- [Exercise directions] Below are entries with pictures in them. Output exactly the lines starting at the line with "龙伟豪健品牌家居建材联盟10.18挑战价格底线活动誓师大" and ending at the line with "오리젠 피트 앤 트림", both included, but not the pictures.

- [Given records]
Segment Open

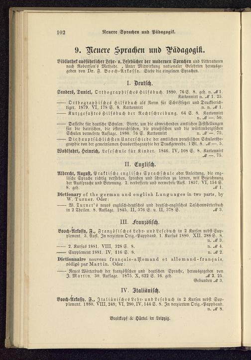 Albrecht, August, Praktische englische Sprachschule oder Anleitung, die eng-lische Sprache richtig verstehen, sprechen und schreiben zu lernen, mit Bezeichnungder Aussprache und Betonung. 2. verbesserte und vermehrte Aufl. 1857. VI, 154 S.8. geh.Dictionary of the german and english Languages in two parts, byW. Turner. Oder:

Segment Closed
Segment Open

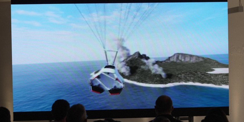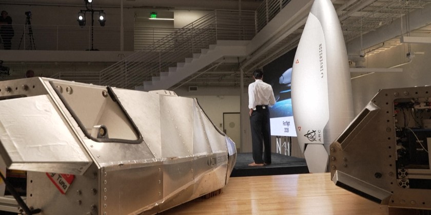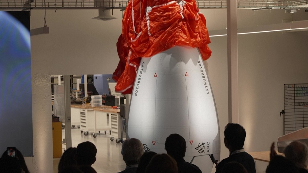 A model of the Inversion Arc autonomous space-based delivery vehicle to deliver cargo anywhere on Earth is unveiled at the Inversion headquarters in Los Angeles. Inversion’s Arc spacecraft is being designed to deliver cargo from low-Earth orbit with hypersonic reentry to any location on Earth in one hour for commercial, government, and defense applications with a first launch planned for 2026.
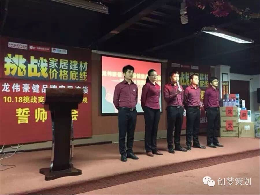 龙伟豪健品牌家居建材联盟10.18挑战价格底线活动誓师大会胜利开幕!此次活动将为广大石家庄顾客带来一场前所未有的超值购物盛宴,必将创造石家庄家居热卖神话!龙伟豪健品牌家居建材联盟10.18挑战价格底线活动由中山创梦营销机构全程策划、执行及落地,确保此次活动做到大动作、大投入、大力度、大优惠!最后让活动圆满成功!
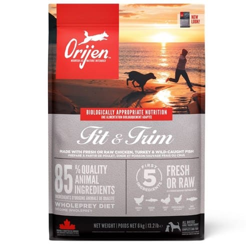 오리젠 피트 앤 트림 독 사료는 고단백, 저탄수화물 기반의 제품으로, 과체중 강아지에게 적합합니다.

Segment Closed
Segment Open

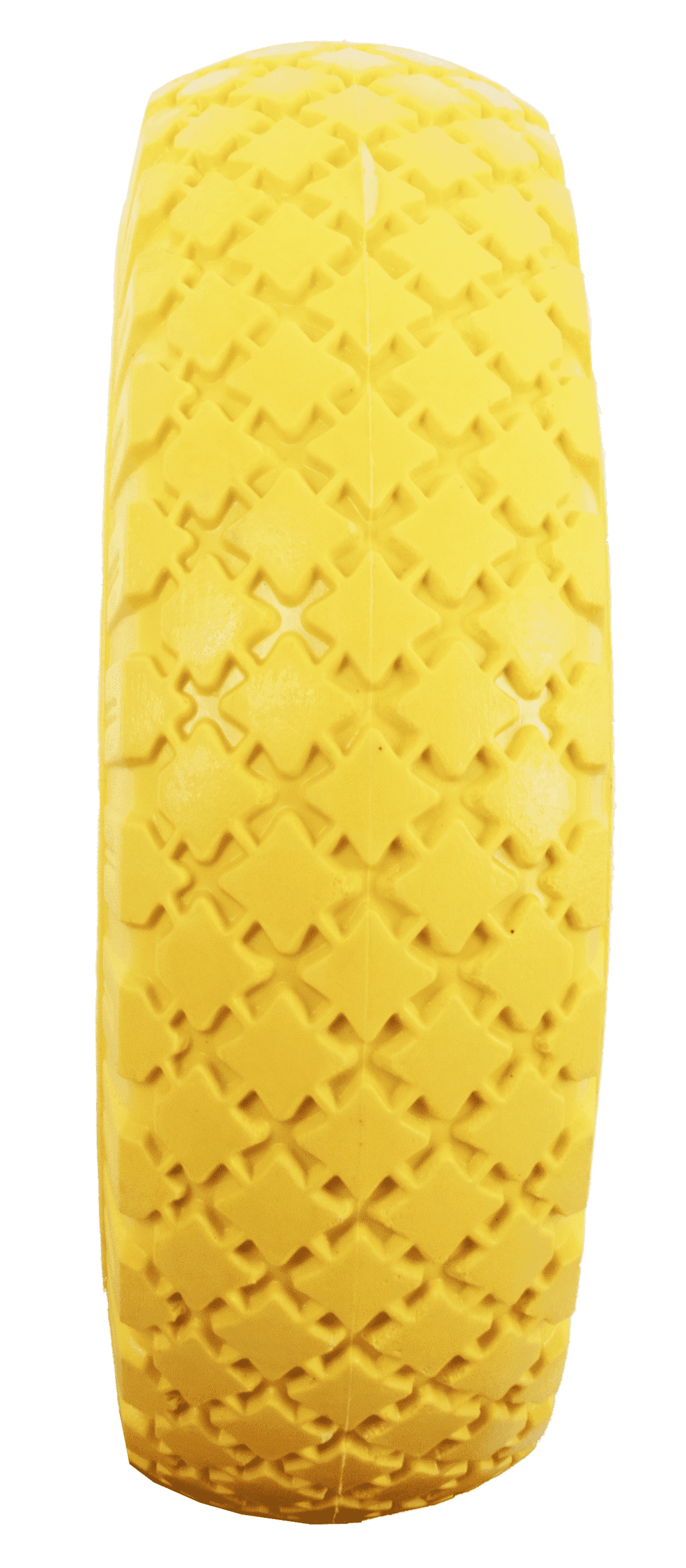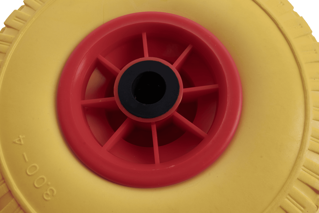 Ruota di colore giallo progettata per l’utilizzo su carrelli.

Segment Closed

- [Your solution]
 龙伟豪健品牌家居建材联盟10.18挑战价格底线活动誓师大会胜利开幕!此次活动将为广大石家庄顾客带来一场前所未有的超值购物盛宴,必将创造石家庄家居热卖神话!龙伟豪健品牌家居建材联盟10.18挑战价格底线活动由中山创梦营销机构全程策划、执行及落地,确保此次活动做到大动作、大投入、大力度、大优惠!最后让活动圆满成功!
 오리젠 피트 앤 트림 독 사료는 고단백, 저탄수화물 기반의 제품으로, 과체중 강아지에게 적합합니다.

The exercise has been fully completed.